Problem statement ->
Retype only the lines from the top of the records to the line with "3.可直接使用发电机组供电,也可接通22", including that line but none of the pictures.

************

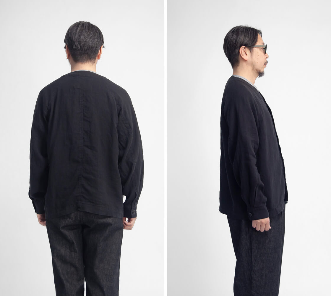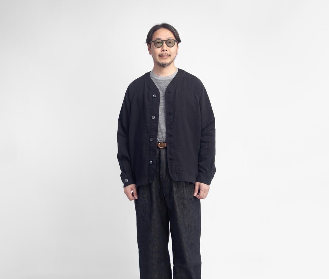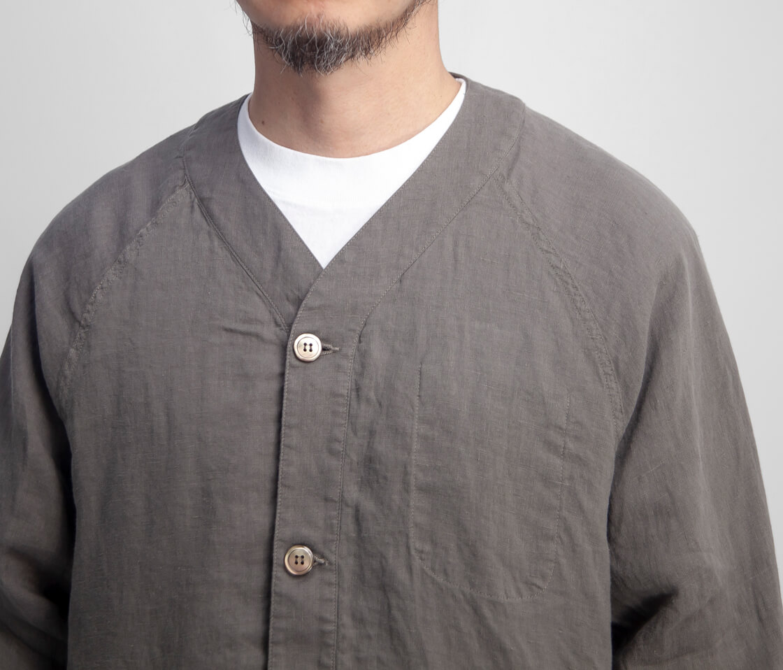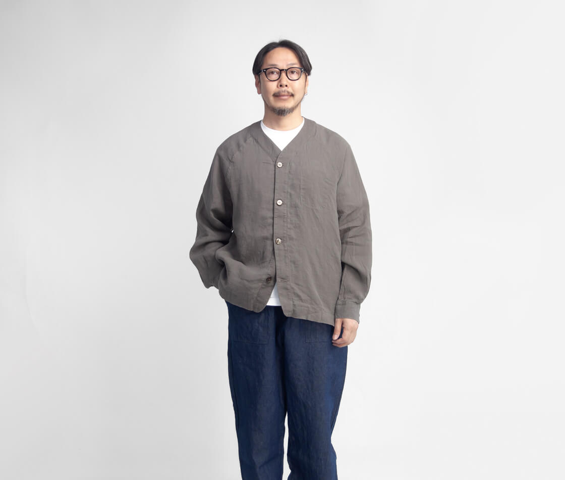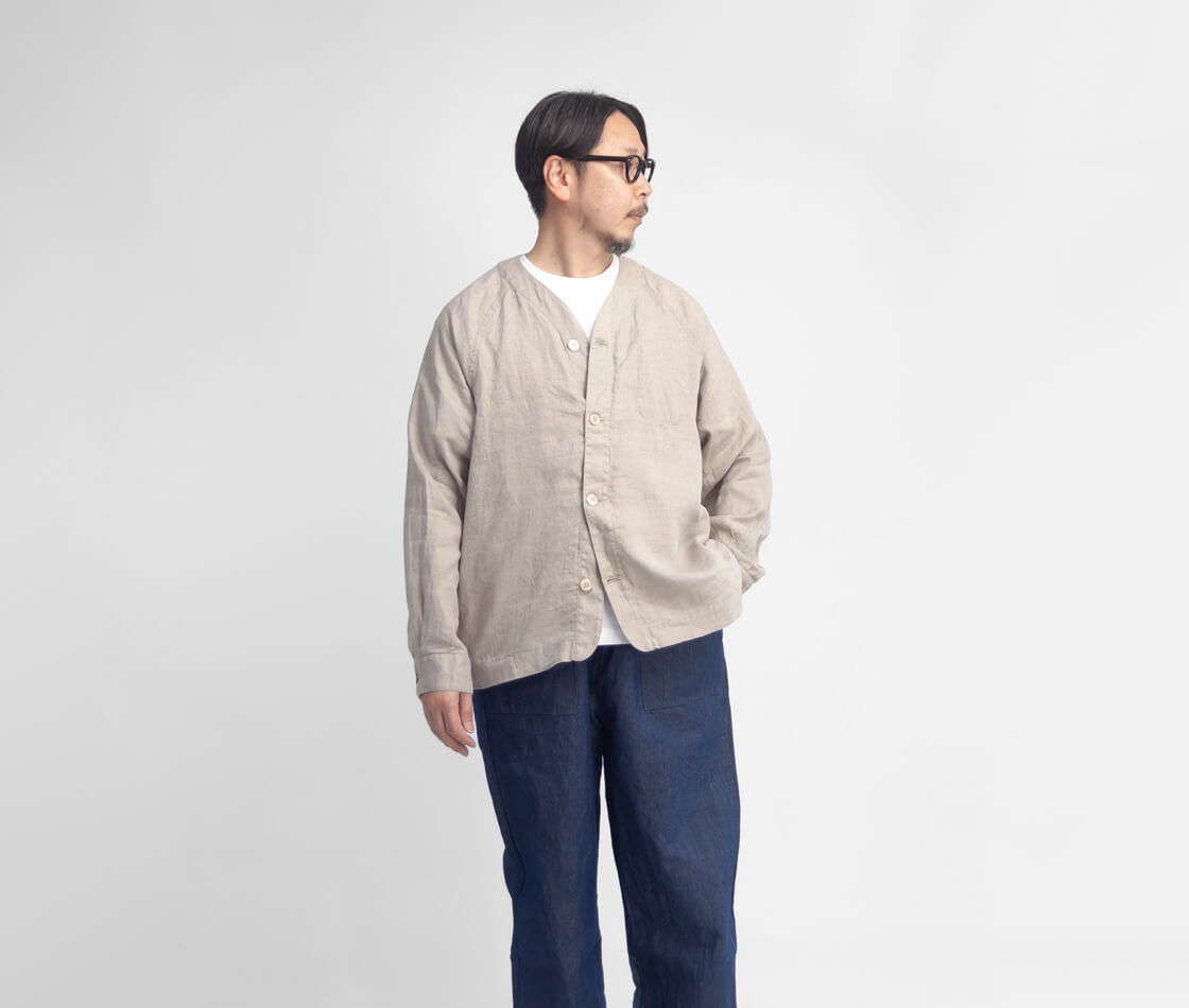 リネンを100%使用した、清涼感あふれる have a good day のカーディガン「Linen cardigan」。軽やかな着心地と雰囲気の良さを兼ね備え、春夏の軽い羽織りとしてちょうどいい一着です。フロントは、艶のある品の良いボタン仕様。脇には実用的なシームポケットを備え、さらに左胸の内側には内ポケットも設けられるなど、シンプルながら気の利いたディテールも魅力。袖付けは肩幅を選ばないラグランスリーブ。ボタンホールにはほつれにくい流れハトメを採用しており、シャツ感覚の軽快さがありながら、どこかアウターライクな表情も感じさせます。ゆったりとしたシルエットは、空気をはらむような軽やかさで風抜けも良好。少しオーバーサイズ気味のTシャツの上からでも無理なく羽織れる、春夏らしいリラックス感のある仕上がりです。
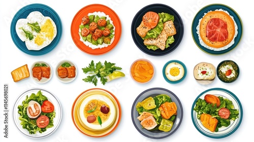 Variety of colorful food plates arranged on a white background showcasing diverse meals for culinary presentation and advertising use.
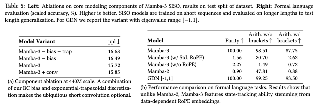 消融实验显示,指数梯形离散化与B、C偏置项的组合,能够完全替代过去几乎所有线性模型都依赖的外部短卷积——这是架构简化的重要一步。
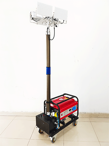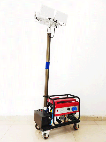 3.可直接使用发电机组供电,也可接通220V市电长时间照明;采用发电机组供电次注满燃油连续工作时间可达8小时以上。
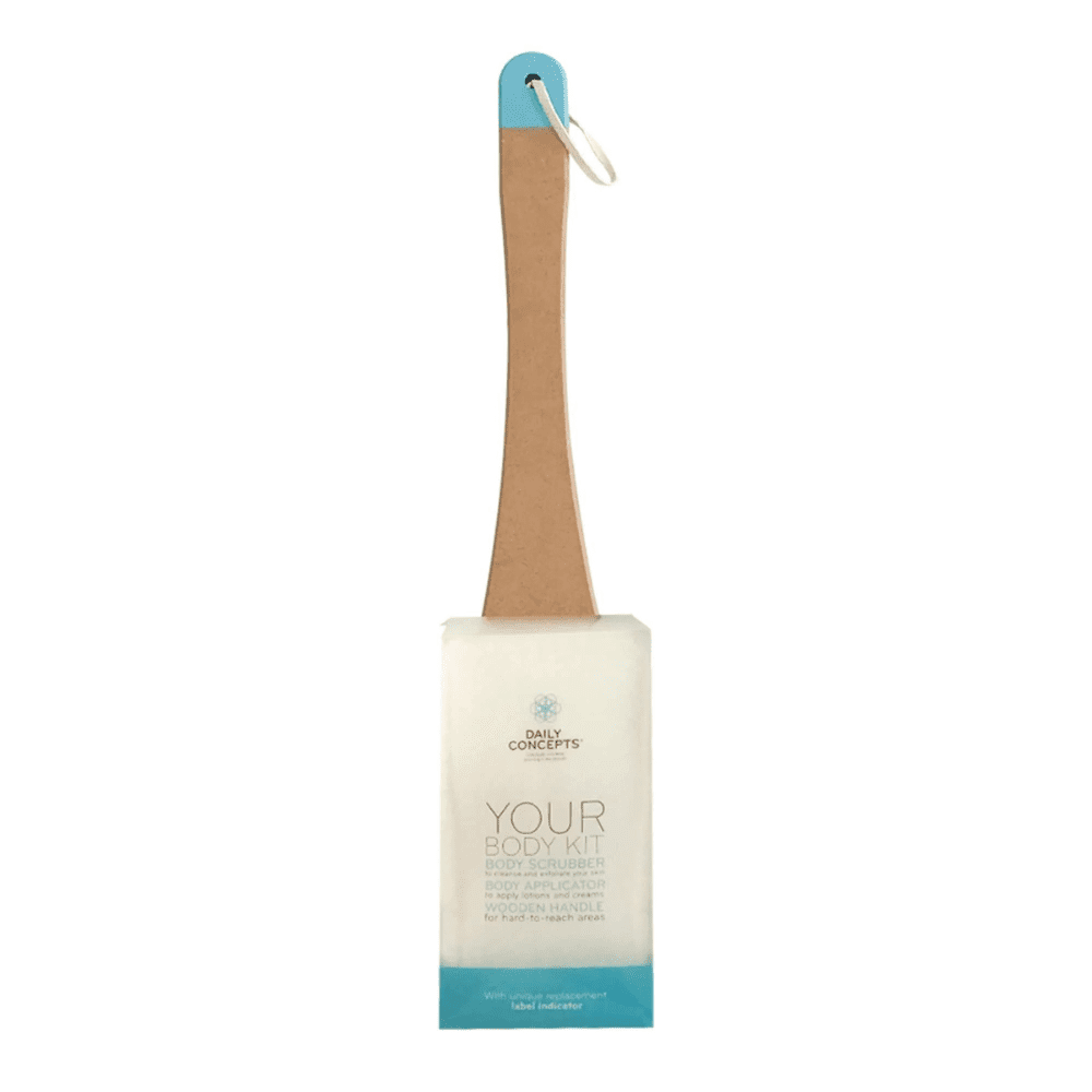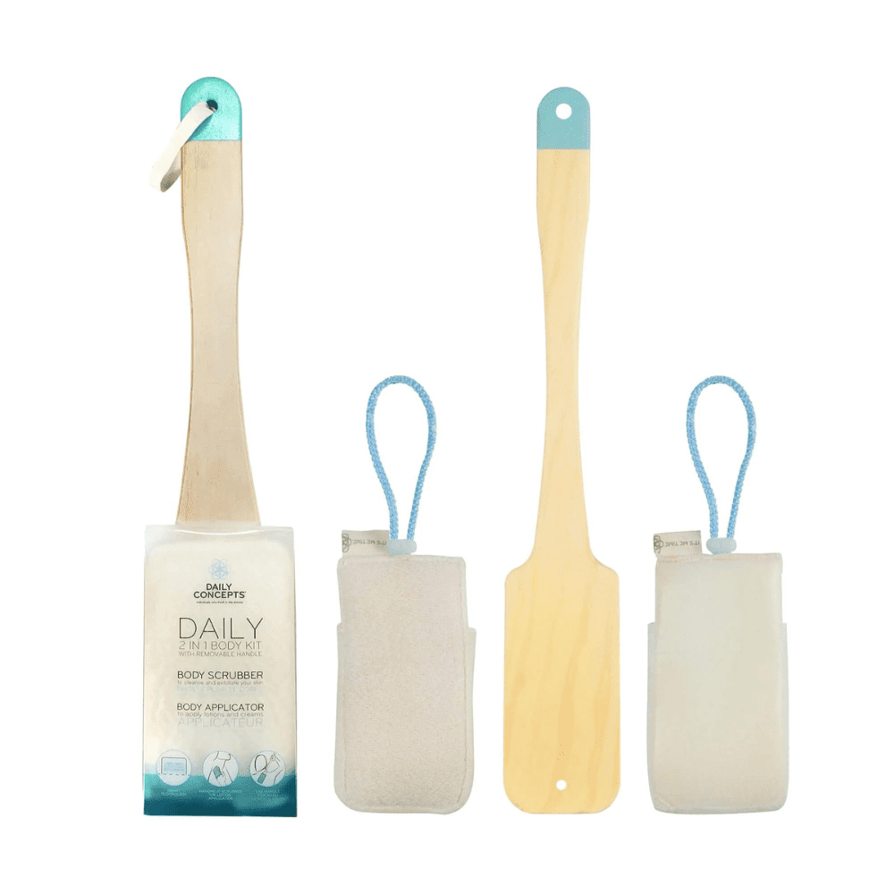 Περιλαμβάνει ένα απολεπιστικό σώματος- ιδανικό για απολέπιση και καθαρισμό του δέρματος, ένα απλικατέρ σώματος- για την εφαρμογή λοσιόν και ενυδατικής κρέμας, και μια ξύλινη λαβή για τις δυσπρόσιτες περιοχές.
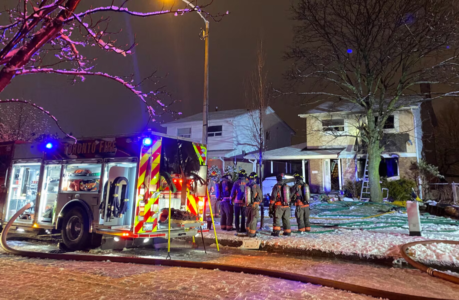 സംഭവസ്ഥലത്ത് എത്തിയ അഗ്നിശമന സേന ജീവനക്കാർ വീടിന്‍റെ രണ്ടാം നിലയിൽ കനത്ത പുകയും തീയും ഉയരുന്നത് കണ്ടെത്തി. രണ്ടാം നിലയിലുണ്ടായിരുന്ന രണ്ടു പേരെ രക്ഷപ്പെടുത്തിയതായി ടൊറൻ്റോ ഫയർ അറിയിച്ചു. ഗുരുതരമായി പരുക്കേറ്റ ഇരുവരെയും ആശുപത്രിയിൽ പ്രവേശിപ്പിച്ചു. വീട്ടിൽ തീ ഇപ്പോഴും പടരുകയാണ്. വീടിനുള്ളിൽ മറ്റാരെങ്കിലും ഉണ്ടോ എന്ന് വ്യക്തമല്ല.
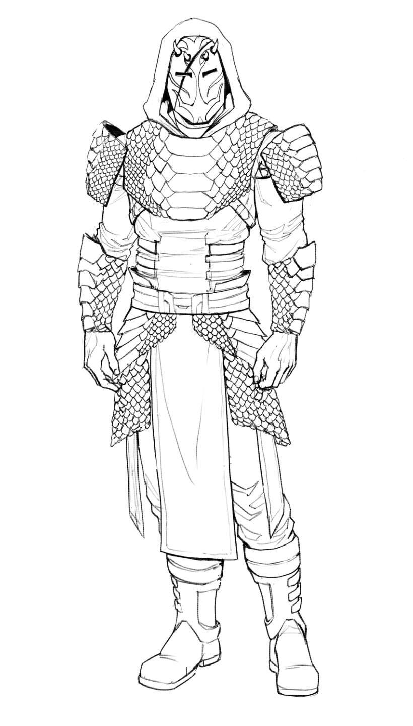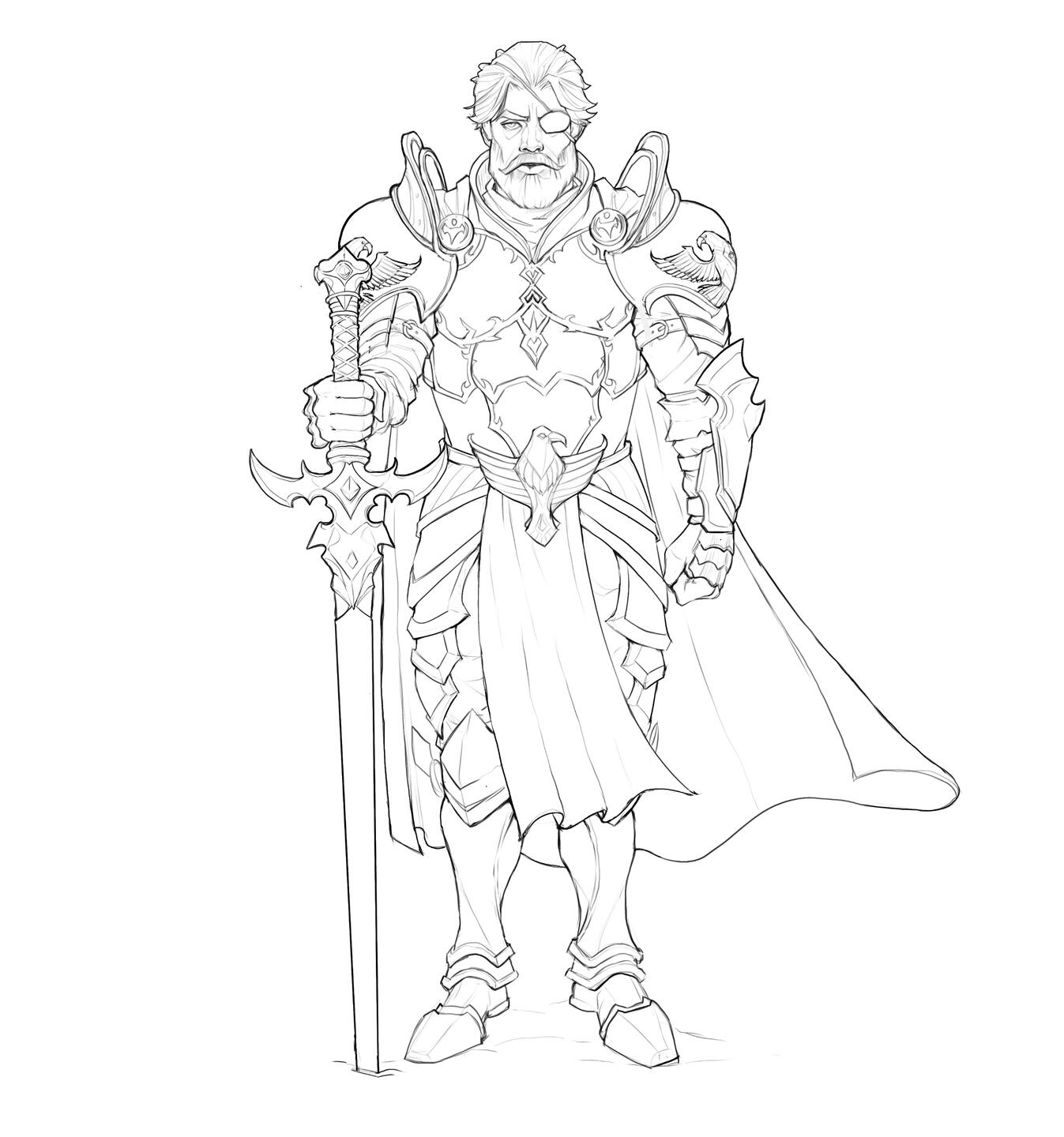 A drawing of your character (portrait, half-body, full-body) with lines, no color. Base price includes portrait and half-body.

************

Answer space ->
 リネンを100%使用した、清涼感あふれる have a good day のカーディガン「Linen cardigan」。軽やかな着心地と雰囲気の良さを兼ね備え、春夏の軽い羽織りとしてちょうどいい一着です。フロントは、艶のある品の良いボタン仕様。脇には実用的なシームポケットを備え、さらに左胸の内側には内ポケットも設けられるなど、シンプルながら気の利いたディテールも魅力。袖付けは肩幅を選ばないラグランスリーブ。ボタンホールにはほつれにくい流れハトメを採用しており、シャツ感覚の軽快さがありながら、どこかアウターライクな表情も感じさせます。ゆったりとしたシルエットは、空気をはらむような軽やかさで風抜けも良好。少しオーバーサイズ気味のTシャツの上からでも無理なく羽織れる、春夏らしいリラックス感のある仕上がりです。
 Variety of colorful food plates arranged on a white background showcasing diverse meals for culinary presentation and advertising use.
 消融实验显示,指数梯形离散化与B、C偏置项的组合,能够完全替代过去几乎所有线性模型都依赖的外部短卷积——这是架构简化的重要一步。
 3.可直接使用发电机组供电,也可接通220V市电长时间照明;采用发电机组供电次注满燃油连续工作时间可达8小时以上。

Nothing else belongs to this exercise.